(TEMPOITALIA.IT) Sempre più frequentemente, i mesi invernali mostrano temperature superiori alle medie storiche, e le proiezioni indicano un aumento termico di circa 3°C in Russia e in parte della Penisola Scandinava, zone tradizionalmente associate a flussi di aria fredda.
In Italia, se le previsioni attuali si avvereranno, ci si aspetta un clima piuttosto mite, caratterizzato da giornate soleggiate lungo le coste e nebbie nelle pianure, almeno fino alla fine di dicembre. Tuttavia, verso il 28-29 dicembre, potrebbe verificarsi un cambiamento significativo a causa di una configurazione atmosferica rara ma potente: lo SCAND+ (Scandinavia Pattern positivo).
Questa particolare configurazione meteorologica tende a portare condizioni più fredde e instabili sull’Italia. Le temperature potrebbero scendere al di sotto della media, specialmente in Europa occidentale e nella Russia centrale, estendendo il raffreddamento anche al nostro paese. Le precipitazioni aumenterebbero, superando i valori medi, con la possibilità di piogge frequenti e nevicate a quote relativamente basse.

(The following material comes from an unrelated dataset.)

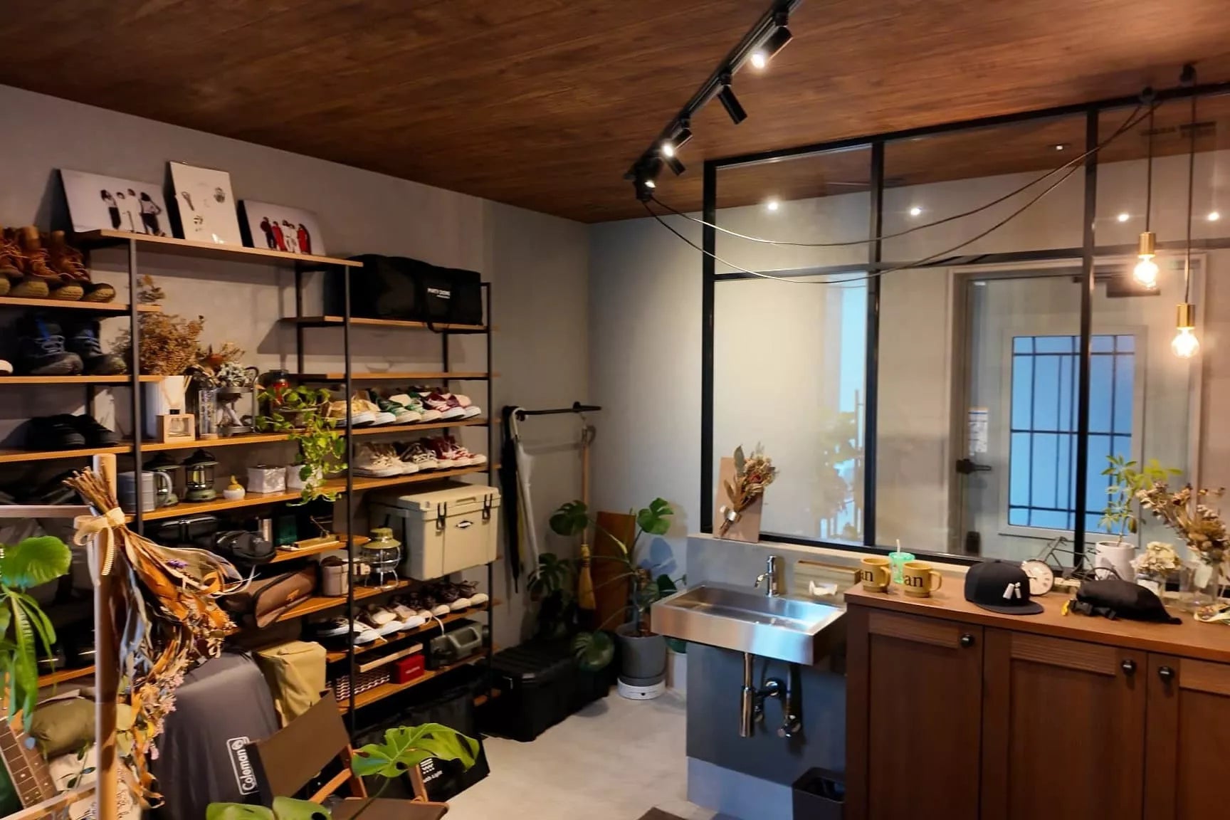 約7畳という余裕のある広さを取った玄関土間は、見せる収納にしてまるでお店のディスプレイのようなおしゃれ空間に仕上げました。玄関ドアの前はガラスで仕切ることで空間を緩やかに分けつつ、開放的な印象はそのままにしています。

Lo SCAND+ è caratterizzato dalla presenza di un forte centro di circolazione sulla Scandinavia, che influisce sul clima di gran parte dell’Europa. Questa situazione genera anticicloni stazionari su Scandinavia e Russia occidentale e anomalie positive nei geopotenziali in queste aree. Di conseguenza, si verifica un afflusso di aria fredda verso l’Europa centrale e meridionale.

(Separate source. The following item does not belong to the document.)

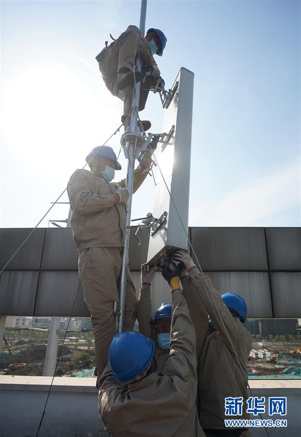 4月25日,在南京220千伏城南河變電站屋頂,工人在架設(shè)4G設(shè)備。當(dāng)日,三大通信運營商的2座5G、3座4G基站建設(shè)工作在南京220千伏城南河變電站屋頂有序展開。在變電站內(nèi)建設(shè)基站可有效利用電網(wǎng)資源,縮短建設(shè)周期,節(jié)約建設(shè)成本。新華社記者季春鵬攝

In Italia, gli effetti dello SCAND+ si manifestano con un clima instabile e temperature più basse rispetto alla norma. Si prevede un incremento delle precipitazioni, che potrebbero assumere la forma di nevicate anche a quote inferiori rispetto al consueto. Inoltre, la formazione di depressioni sul Mediterraneo potrebbe intensificare ulteriormente l’instabilità atmosferica.
Le regioni italiane più vulnerabili a queste precipitazioni sono quelle centrali e meridionali. In particolare, il versante adriatico della penisola risulta particolarmente esposto a nevicate a bassa quota durante l’inverno. Anche le aree montuose dell’Appennino centrale potrebbero ricevere maggiori quantità di pioggia grazie alla loro orografia.
Tuttavia, è importante sottolineare che queste sono solo proiezioni preliminari; la distanza temporale rende difficile fornire previsioni completamente affidabili. Sarà interessante osservare come evolveranno le condizioni meteo nei prossimi giorni. (TEMPOITALIA.IT)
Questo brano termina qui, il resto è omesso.